Report from ECIU warns a slower rollout of new electric vehicles could put brakes on motorists switching via the second-hand market – costing drivers £800 a year in higher fuel costs
A shortage of small and mid-sized electric vehicles (EVs) on the second-hand market could hinder drivers efforts to switch to plug-in models leaving them stuck with £9bn in additional fuel costs as they continue running petrol cars, according to a new report.
A new analysis from the Energy and Climate Intelligence Unit (ECIU) assesses the impact of the government's proposed Zero Emission Vehicle (ZEV) Mandate, which would require manufacturers to ensure an increasing proportion of the cars they sell in the coming years are electric.
The government is yet to confirm the final details of the ZEV Mandate, despite it being expected to come into force from next year.

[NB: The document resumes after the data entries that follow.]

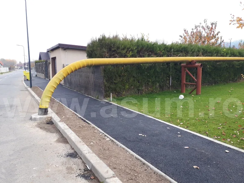 Ca tabloul prostiei să fie complet, conducta de gaz traversează aerian trotuarul la o înălțime de aproximativ 1,60 metri, relatează asum.ro.
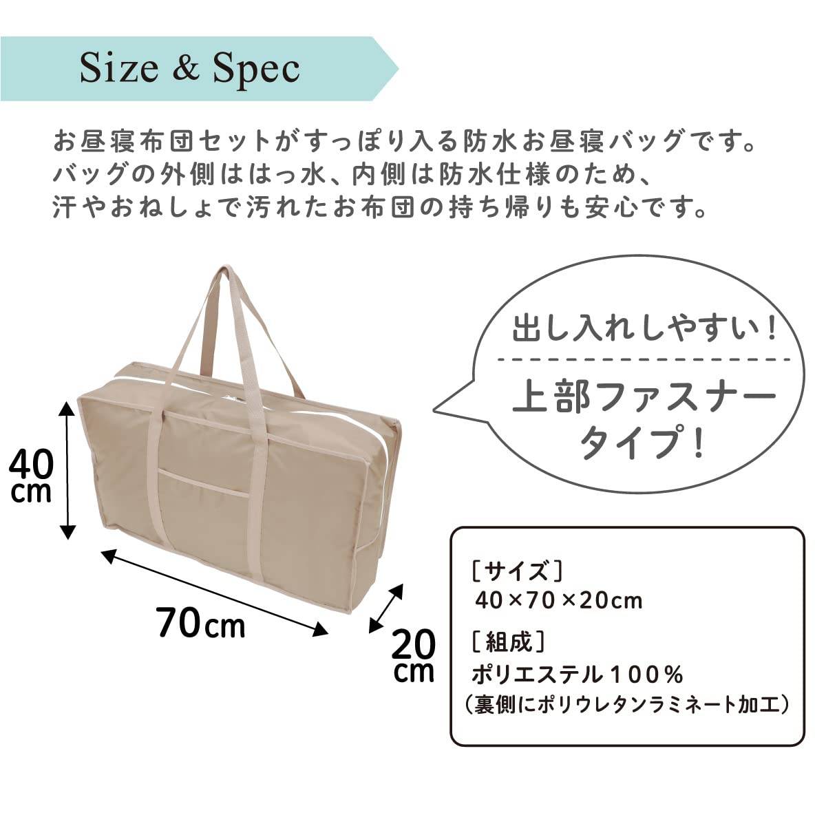 【上部ファスナー式】お昼寝布団セットがすっぽりと入ります。さらにハンカチ等の小物を入れることができる両面ポケット付き。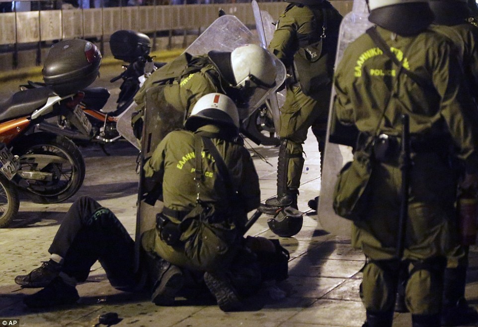 Cảnh sát cho biết, khoảng 50 người biểu tình quá khích bị bắt trong cuộc bạo động bên ngoài tòa nhà Quốc hội Hy Lạp. Ảnh: AP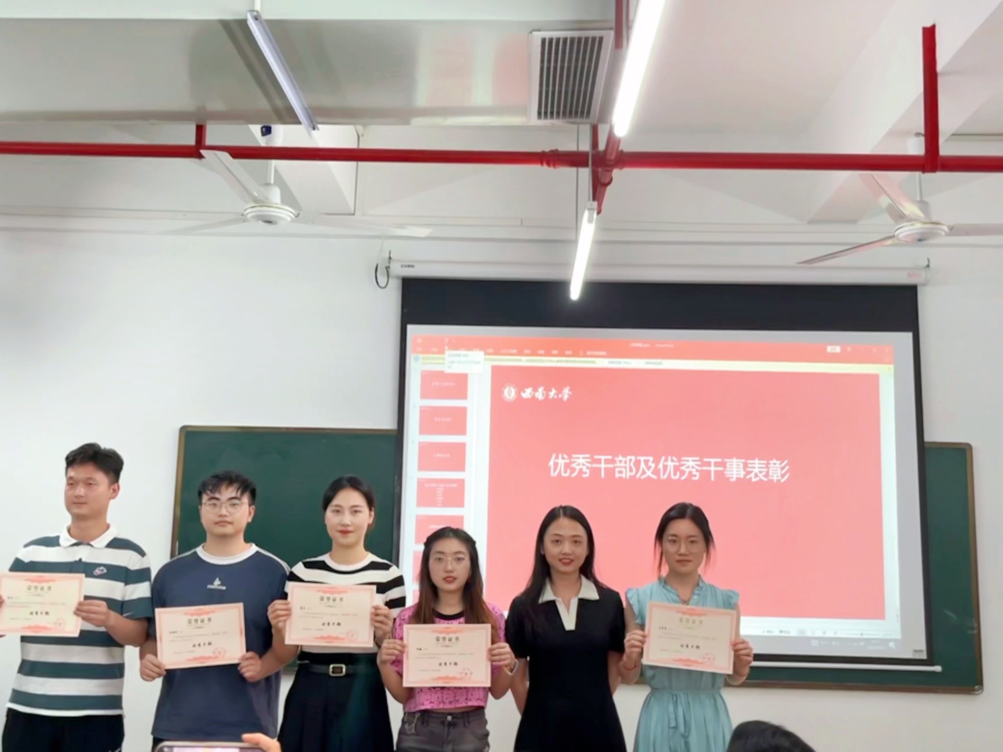 接着,由团总支研究生会主席团候选人进行自我评价,现场实时投票和计票确定了下一学年的主席团成员为:王欣、赵心妍、郑昱辰;随后进行优秀干部及优秀干事的表彰。
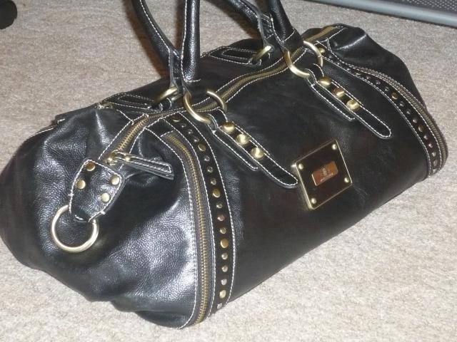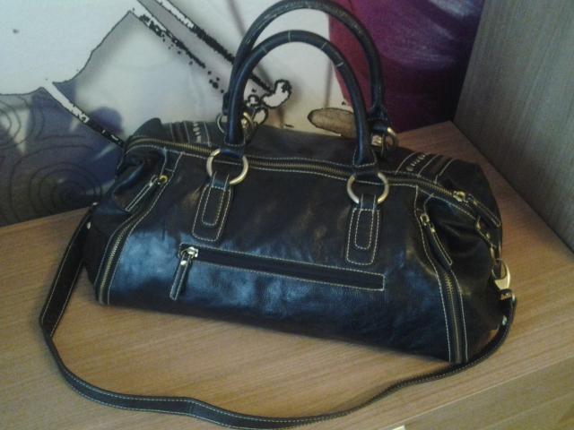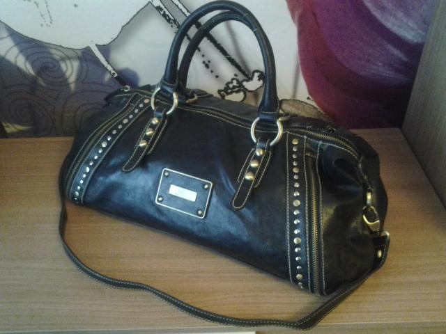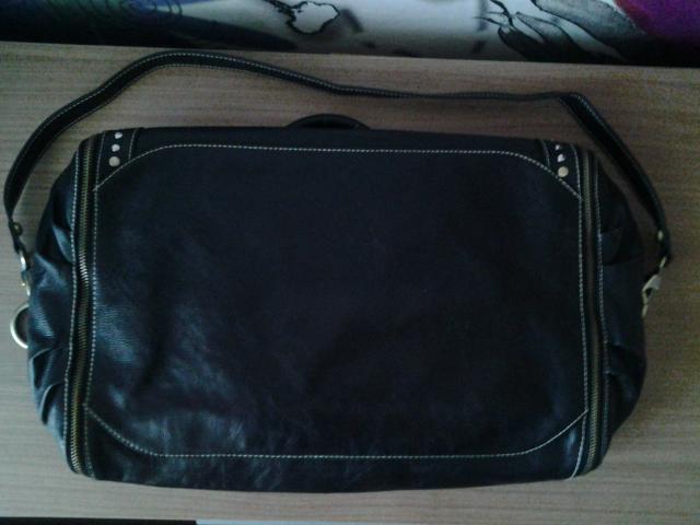 Įdomios, pailgos formos,dirbtinės odos rankinė. Su metalinėmis spalvotomis kniedėmis ir užtrauktukais.Dugnas su pakietinimu.Vienintelis nežymus,vaizdo negadinantis defektėlis truputį įskilusios mažesnės rankenos (matosi foto). Yra nauja ilga rankena.Aukštis (pakeltos) 20,5 cm,ilgis 41 cm,plotis 21 cm,rankenų ilgis 18,5 cm.

But the ECIU warned the government's proposed trajectory for increasing the share of new EVs on the market is slower than the 'high' demand scenario set out by the car industry.
As such, the report calculates that the slower roll out of new EVs would reduce the number of vehicles reaching the second-hand market, leaving drivers unable to afford new models paying between £500 and £800 a year more in fuel costs as they persevere with petrol alternatives.
The report - titled The UK's second-hand electric vehicle market - calculated some 2.1 million fewer affordable small and mid-sized EVs could be made available for resale, saddling drivers with an extra £9bn in fuel costs.
More than four-in-five households buy their cars from the second-hand market, with the likes of hatchbacks, saloons, and MPVs accounting for the majority of sales.
According to the government's Common Misconceptions About Electric Vehicles document from July 2022, while EVs cost more to buy outright, they can save £176 in running costs for every 1,000 miles driven - costing as little as 2p a mile when charging on off-peak electricity versus more than 20p per mile for petrol and diesel.
Fewer moving parts also cut maintenance costs, which combined with tax incentives can save drivers up to £2,000 per year.
ECIU transport analyst Colin Walker said that even with record high electricity costs driven up by the gas crisis, EVs are still around three times cheaper to run than their petrol equivalents, based on analysis of best-selling small EVs, such as the Nissan Leaf and Renault Zoe.
"With 82 per cent of car sales in the UK being second-hand, this market is critical if many more families across the UK are going to be able to access these savings," he said. "If government policy on new EVs goes slow, the growth of the second-hand EV market will be held back potentially consigning families to more expensive motoring".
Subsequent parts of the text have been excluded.